WHAT TO WORK ON:
Beneath this line sits some data. Return only its lines from the one holding "音乐,是连接游客与春日浪漫的" through the one holding "Steven Wilson's Insurgentes: Lyrics", inclusive, exactly, with the images removed.

DATASET EXTRACT:
-*-*-

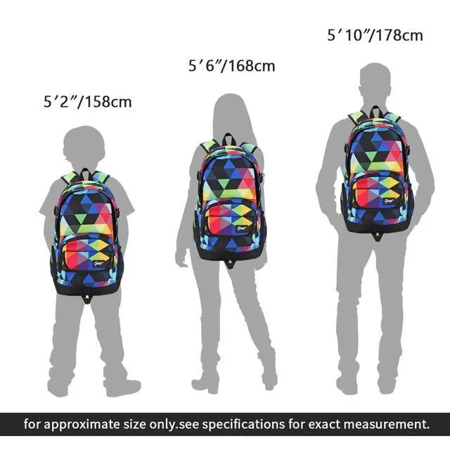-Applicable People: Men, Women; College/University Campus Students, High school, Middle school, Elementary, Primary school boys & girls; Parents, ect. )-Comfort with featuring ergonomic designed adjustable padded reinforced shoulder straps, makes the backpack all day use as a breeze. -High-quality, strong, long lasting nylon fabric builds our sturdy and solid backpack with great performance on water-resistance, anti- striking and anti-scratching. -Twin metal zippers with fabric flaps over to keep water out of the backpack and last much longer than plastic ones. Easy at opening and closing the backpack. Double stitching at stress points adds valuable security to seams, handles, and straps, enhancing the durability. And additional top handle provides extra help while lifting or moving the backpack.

-*-*-

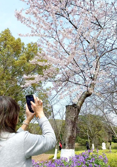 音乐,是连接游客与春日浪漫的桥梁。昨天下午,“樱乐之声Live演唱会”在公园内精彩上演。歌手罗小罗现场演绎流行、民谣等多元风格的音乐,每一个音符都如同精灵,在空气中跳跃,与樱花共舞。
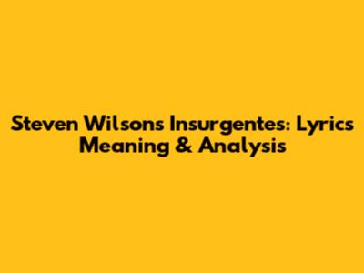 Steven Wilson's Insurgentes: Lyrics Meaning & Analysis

-*-*-

RESPONSE TO THIS TASK:
 音乐,是连接游客与春日浪漫的桥梁。昨天下午,“樱乐之声Live演唱会”在公园内精彩上演。歌手罗小罗现场演绎流行、民谣等多元风格的音乐,每一个音符都如同精灵,在空气中跳跃,与樱花共舞。
 Steven Wilson's Insurgentes: Lyrics Meaning & Analysis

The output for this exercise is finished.